Did you notice the glaring error in Monday's print edition?

It's been often said that every writer needs a good editor.

At newspapers, one of the things we are dealing with is the absence of what we used to refer to as the copy desk. They were editors who read and edited stories, designed pages, and wrote the headlines and captions that appeared in the finished print product.

These days, all those sets of eyes are absent.

What was once unthinkable has now become routine.

Yes, fewer and fewer sets of eyes look at copy and pages before they hit print.

That last line of defense - the copy desk - is just one more reminder of how this business has changed.

I can't tell you how many times a solid copy desk has saved a reporter - or editor's - backside and allowed us to avoid looking incredibly silly.
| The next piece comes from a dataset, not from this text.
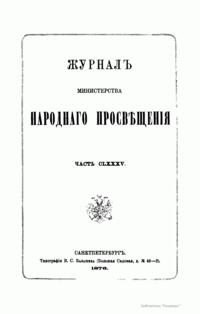 Журнал Министерства народного просвещения выходил с 1834-го по 1917 год. Официальный периодический журнал об успехах просвещения в России. Издатели журнала уверены в том, что «если для каждого человека необходим выход из грубой тьмы невежества и беспрерывное дальнейшее движение к свету, то для народов необходимо попечительное участие правительства в образовании. Только правительство имеет все средства знать и высоту успехов всемирного образования, и настоящие нужды Отечества».

I have often said that working here as I do in the early a.m. hours and posting content online - without the benefit of anyone else getting a chance to look at it - is something akin to what the Wallenda family used to do. Yes, it's a little bit like working without a net.

All of which is my way of wondering just how many people noticed the glaring error that accompanied my Monday print column. If you're an online reader - and thanks for reading by the way! - this will not pertain to you. This is instead directed to our longtime, loyal, ink-stained print readership.

I managed to quickly erase the error from our website, again reminding me of my favorite thing about the online world, a couple of keystrokes and - Voila! - what mistake?

I was writing about the fact that Ward Bond appeared in two classic movies, including one of my personal Top Fives. He portayed Bert the cop in the Christmas classic 'It's a Wonderful Life,' but I never realized until my wife told me that he also played Father Peter Lonergan in the John Wayne classic 'The Quiet Man.'

I finished off that column very early Sunday morning. Then I went about finding a photo of Bond, along with Ernie the taxi driver in 'Wonderful Life.'

But in putting together the caption for the photo that accompanied my column, I made a ridiculous error. Instead of referring to Ward Bond, I called him Burt Ward.

Now, as any Boomer can tell you, Burt Ward played Robin to Adam West's Batman in the campy classic based on the comic book hero.

That's the kind of thing that the copy desk would pick up on - and often times loudly announce in a crowded newsroom, much to the shame of the offending writer, in this instance me.

Instead, since I wrote the column, the caption and also laid out that page. As much as I would like to shirk the blame here and yell at someone for making such a silly error, the offending person is staring back at me in the mirror.

SpellCheck does not catch that kind of mistake; humans do.

As a paean to loyal readers, I can at least offer one more bit of trivia connected to that photo, passed along to me by a reader yesterday, one by the way who did not notice the glaring error in that caption.

The cab driver, Ernie Bishop (you know, that "guy who sits around on his brains all day," according to old man Potter), was portrayed by an actor named Frank Faylen.

Know who else he portrayed? Again, I'm hoping Boomers will get this one.

Yes, Frank Fayley also portrayed Dobie Gillis' father in the TV show, 'The Many Loves of Dobie Gillis.' Merry Christmas, Boomers!